By Dr. Robert Thorson
Saturday’s extra-tropical cyclone needs an official name. Otherwise we’ll forget the Halloween havoc it wreaked: dumping heavy snow that snapped leaf-laden branches and sending an estimated 884,000 Connecticut customers into the dark.
We name tropical storms like Irene, the ninth in a series of alphabet soup for the 2011 hurricane season. Irene having a name helps us remember and discuss the back-to-school havoc it caused, tipping trees onto our electrical grid and leaving 767,000 Connecticut customers without power for nearly a week.
But we do not name extra-tropical storms like the one that got us last week, despite the fact that it was the most powerful and damaging October snowstorm in more than two centuries. Never have so many lights gone out.
So, what should we call it? Should we dub it a flippant and retro name like “Alfred,” as one local TV station did last week? No, because one person’s Alfred becomes another person’s Albert and confusion reigns.
Should we call it the “the perfect storm”? Nope.
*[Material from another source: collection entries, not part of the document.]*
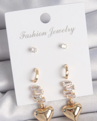 Pirinç Gold Renk Zirkon Taşlı Sallantılı Kalp Model Yarım Halka Detay 3 Çift Kadın Küpe Seti
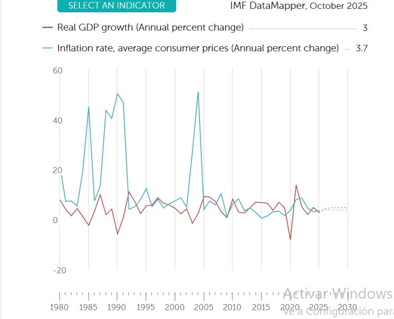 El crecimiento de República Dominicana sigue proyectado por el Fondo Monetario Internacional (FMI) en un 3% del producto interno bruto (PIB). En su portal, el FMI estima que el país mantendrá también un control sobre la inflación y proyecta un 3.7% para el cierre de este año 2025. Ayer, el FMI presentó el informe sobre las Perspectivas Económicas mundiales 2025, como parte de las Reuniones Anuales que realiza en conjunto con el Banco Mundial, en Washington, Estados Unidos, pronosticando unas perspectivas “sombrías” de crecimiento, debido a que el entorno global sigue siendo volátil. Sugiere a los países aplicar sin demoras las reformas estructurales. En el caso de Ecuador, se registrará un 3.2%, Bolivia un 0.6%, Uruguay un 2.5%, Paraguay un 4.4% y Venezuela un 0.5%, según reporta AFP. El Departamento del Hemisferio Occidental ofrecerá detalles concretos sobre la región. Regional En su gráfico sobre el comportamiento de la economía mundial, el FMI también estima que la región de América Latina y el Caribe mantendrá el mismo crecimiento de 2.4% en 2025 que en 2024 y baja sus proyecciones a 1.9% para el 2026. La economía mundial baja de 3.3% en 2024 a 3.2% en 2025 y 3.1% en 2026. En la rueda de prensa de ayer encabezada por Pierre Gourinchas, el economista precisó que la economía estadounidense no vislumbra riesgo de recesión, pero sí una desaceleración significativa de 1.8% para este año 2025, que es una baja de 0.9%. Precisó que este debilitamiento inició antes de la aplicación de aranceles en Estados Unidos. Explicó que los aranceles han impactado en de 0.4 puntos porcentuales y también han significado una pérdida de impulso, una reducción del consumo y de la confianza de los consumidores. Con relación a la zona Euro, el FMI proyecta que el crecimiento de 0.9% en 2024 se colocará en 1.2% en 2025 y 2.1% en 2026. La economías emergentes pasan de 4.3% en 2024 a 4.2% en 2025 y 4% en 2026. Dentro de estas también pronostica un menor crecimiento para China, que pasa de 5% en 2024 a 4.8% en 2025 a 4.2% en 2026.
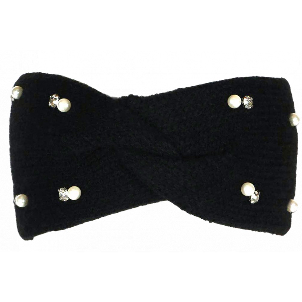 Bandeau en laine noire pour femme avec perles et cristaux Headband Hiver Merry-
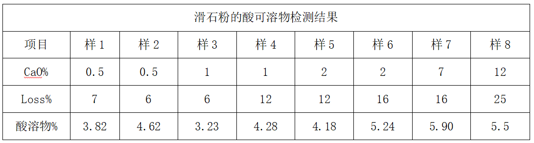滑石粉中酸可溶物雜質成分的種類,測定其中主要游離金屬離子(Ca2+、Fe2+、Fe3+)和代表性有害重金屬元素的含量,主要酸提取物成分有Mg,Al,Ca,Fe的含量?;鬯崽崛∥镏须s質金屬離子在涂料考察,其酸可溶物≤5.0%?;壑兴峥扇芪镞^高時,易使金屬材料生銹。
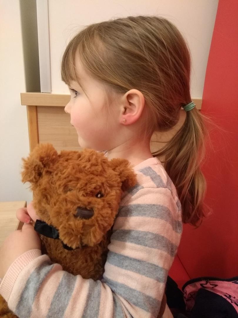 Drie weken later gingen we terug. Lot vond het geen probleem om haar ene oorbel nog eens te laten zetten. We werden super lief geholpen door dezelfde dame. Ze was de eerste keer ook al zo weg van Lot en nu kreeg ze een gloednieuwe beer van haar en hoefde ik niets af te rekenen. Heel netjes! Het zetten ging goed en natuurlijk nam ik Lot erna weer mee voor iets lekkers π
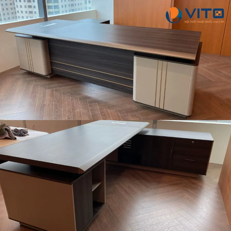 Bàn lãnh đạo Vito BLDV-B910-2, bạn không chỉ có một sản phẩm nội thất cao cấp mà còn thể hiện được vị thế và phong cách chuyên nghiệp trong công việc. Để sở hữu mẫu bàn giám đốc chất lượng này, quý khách hãy liên hệ ngay đến Vito để nhận được tư vấn chi tiết và những ưu đãi hấp dẫn nhất.
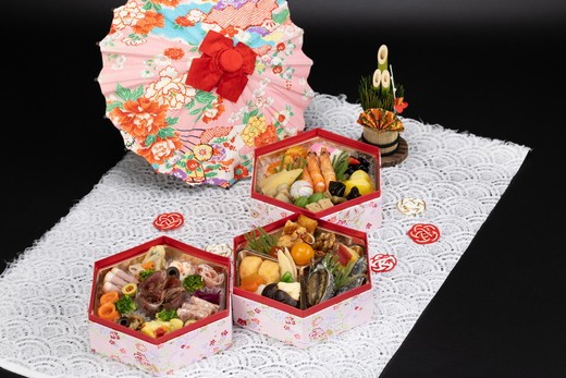 新年を彩る華やかな六角重に44品目もの食材を詰め込んだおせちです。

That imperfect name is beyond cliche and will be forever permanently attached to the nor’easter that, in deathly irony, sunk the Andrea Gail with six souls aboard and gave rise to Sebastian Junger’s gripping novel of the same name. That storm struck on Oct. 28, 1991, two decades before our recent event with no name.
I suggest we call our Oct. 29, 2011, event the “T-Storm.” Let it mark the Turning point, the Tipping point or the Threshold point, the storm that broke the proverbial camel’s back. Let it be the storm that finally forced us – after a century of dangerous trouble – to put our utility lines underground. Yes, there are drawbacks to doing so, especially the cost and concerns for background radiation. But if we succeed, it will be a dream come true, a world where the lights stay on when the wind blows, slushy snow accumulates and freezing rain crystallizes. Cutting trees back is a good start, but it’s only a half-measure at best.
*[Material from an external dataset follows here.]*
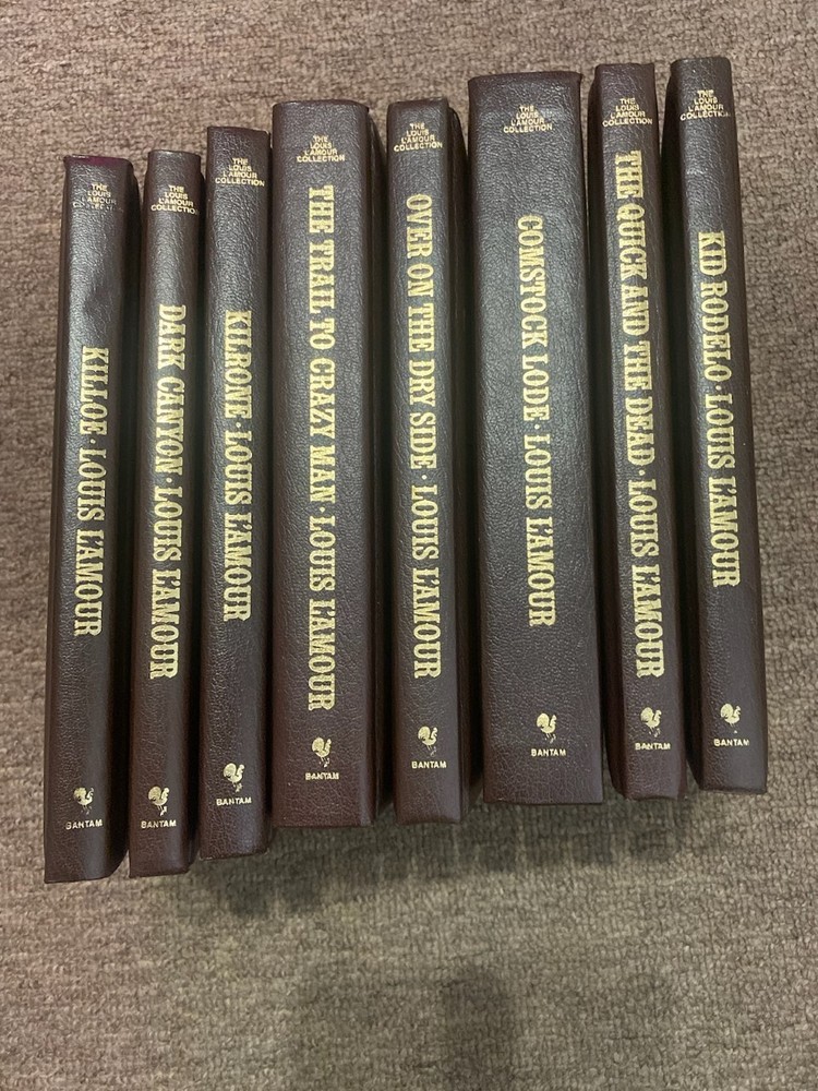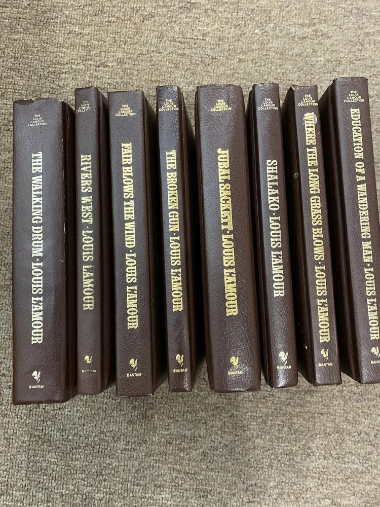 Louis L'Amour Leatherette Books: The High Graders Flint Showdown at Yellow Butte Silver Canyon The Last of the Breed Long Ride Home The Empty Land The Californios The Man Called Noon Passin Through The Rider of the Ruby Hills Down the Long Hills Sackett The Outlaws of Mesquite Chancy The Man From Skibbereen To Tame A Land High Lonesome Last Stand At Papago Wells Mustang Man Taggart Kiowa Trail Conagher Callaghen Catlow The Key-Lock Man The Proving Trail Yondering Night Over the Solomons Dutchman's Flat Lonigan The Tall Stranger Tucker The Walking Drum Rivers West Fair Blows the Wind The Broken Gun Jubal Sackett Shalako Where the Long Grass Blows Education of a Wandering Man Dark Canyon Killoe Kilrone The Trail to Crazy Man The Quick and the Dead Comstock Lode Over on the Dry Side Kid Rodelo

Gov. Dannel P. Malloy has requested federal disaster relief for what strikes me as a double dose of self-inflicted disaster. If federal money arrives, it will be borrowed, adding to the debt disaster. And if we get the money, like many financiers, we’ll just return to business as usual, trim a few trees, hope for the best, feign shock at the next storm and reapply for another bailout.
“Why Leave Power Lines in Harm’s Way?” I wrote that column in the wake of Irene only two months ago. Quoting it here strengthens my message, then and now: “The mangled tangle of dead wires and tree limbs that was eastern Connecticut … pointed out the urgent need to get our cables underground.” With stunning hubris, we “think that we can deliver that electricity reliably to our homes through the powerful chaos of forest ecology in a world where storms are becoming stronger.”
Are the storms becoming more powerful? Yes, based on historical archives, instrumental records and climate change theory. And is the powerful chaos of forest ecology becoming stronger? Yes, based on measured growth rates and the physiological facts that longer growing seasons and higher concentrations of CO2 in the air make trees grow faster.
It doesn’t take a genius to see the future. Faster-growing trees with heavier limbs will be falling more frequently during more powerful storms.